→ **About this task**: An exact copy of the listing below is required, minus its pictures.

→ **Exercise data**:

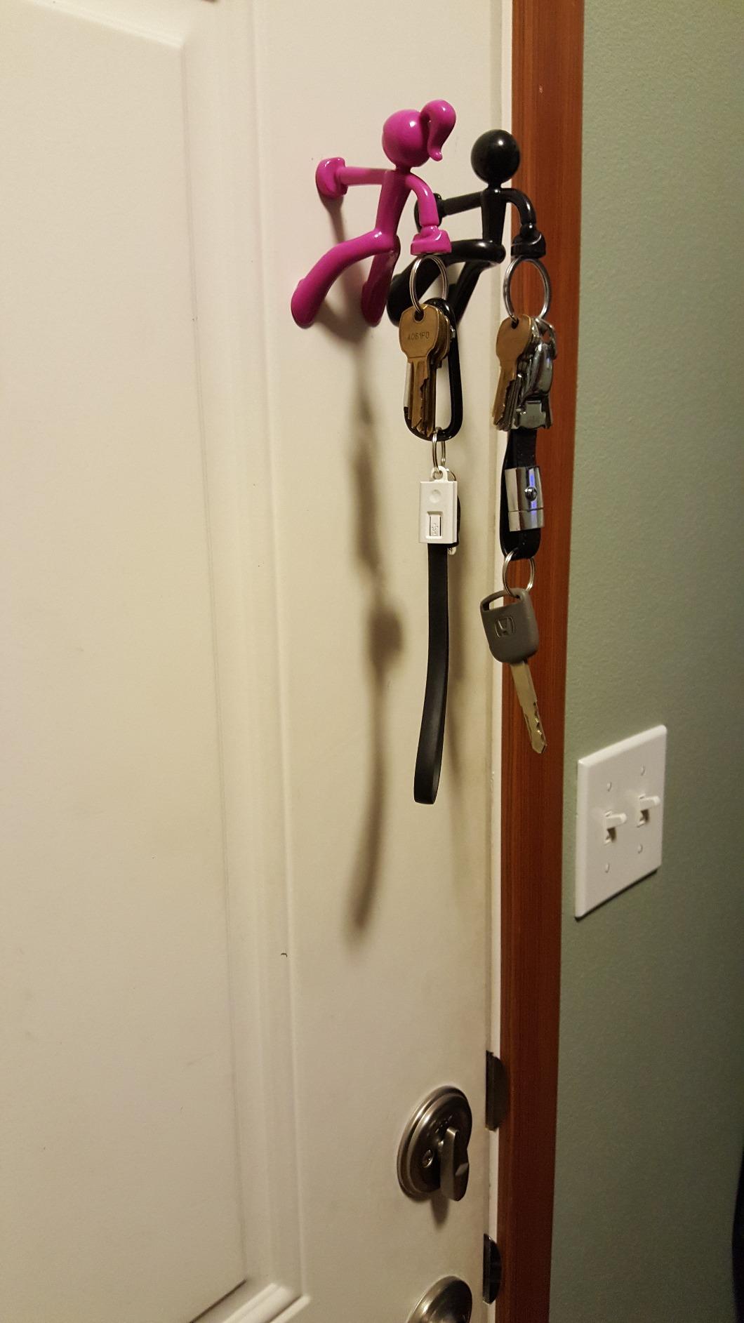 I was shocked to find that the keys don't drop, even when we swing the door open and shut. Love that the key girl looks like she's climbing our front door.
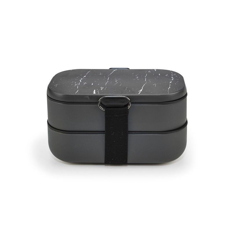 Portacomida Lunchbag Bento Negro Mármol de 1,35 L, ideal para llevar comidas al trabajo o a la escuela. Con diseño elegante de mármol en la tapa y estructura de dos niveles, fabricado en plástico resistente. Incluye correa elástica para un cierre seguro. Perfecto para mantener tus alimentos organizados y frescos durante todo el día.
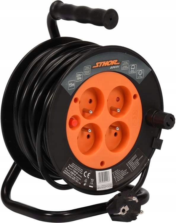 Przedłużacz bębnowy marki STHOR 82691 o długości 15 metrów z 4 gniazdami, zabezpieczeniem termicznym oraz zabezpieczeniem przed dziećmi. Przewód nawinięty na bęben wykonany z lekkiego i wytrzymałego tworzywa. Bęben osadzony na solidnym metalowym stelażu z ergonomiczną rękojeścią. Rączka umieszczona przy krawędzi bębna przyspiesza zwijanie, a gumowy element przymocowany do przewodu kilka centymetrów przed wtyczką umożliwia zaczepienie go np. do krawędzi bębna, co znacznie ułatwia przechowanie i transport zwiniętego przedłużacza.
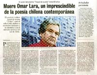 Muere Omar Lara, un imprescindible de la poesía chilena contemporánea [artículo] / Fabián Llanca. Las Últimas Noticias (Diario : Santiago, Chile)-- jul. 3, 2021, p. 34. .

→ **Solution below**:
 I was shocked to find that the keys don't drop, even when we swing the door open and shut. Love that the key girl looks like she's climbing our front door.
 Portacomida Lunchbag Bento Negro Mármol de 1,35 L, ideal para llevar comidas al trabajo o a la escuela. Con diseño elegante de mármol en la tapa y estructura de dos niveles, fabricado en plástico resistente. Incluye correa elástica para un cierre seguro. Perfecto para mantener tus alimentos organizados y frescos durante todo el día.
 Przedłużacz bębnowy marki STHOR 82691 o długości 15 metrów z 4 gniazdami, zabezpieczeniem termicznym oraz zabezpieczeniem przed dziećmi. Przewód nawinięty na bęben wykonany z lekkiego i wytrzymałego tworzywa. Bęben osadzony na solidnym metalowym stelażu z ergonomiczną rękojeścią. Rączka umieszczona przy krawędzi bębna przyspiesza zwijanie, a gumowy element przymocowany do przewodu kilka centymetrów przed wtyczką umożliwia zaczepienie go np. do krawędzi bębna, co znacznie ułatwia przechowanie i transport zwiniętego przedłużacza.
 Muere Omar Lara, un imprescindible de la poesía chilena contemporánea [artículo] / Fabián Llanca. Las Últimas Noticias (Diario : Santiago, Chile)-- jul. 3, 2021, p. 34. .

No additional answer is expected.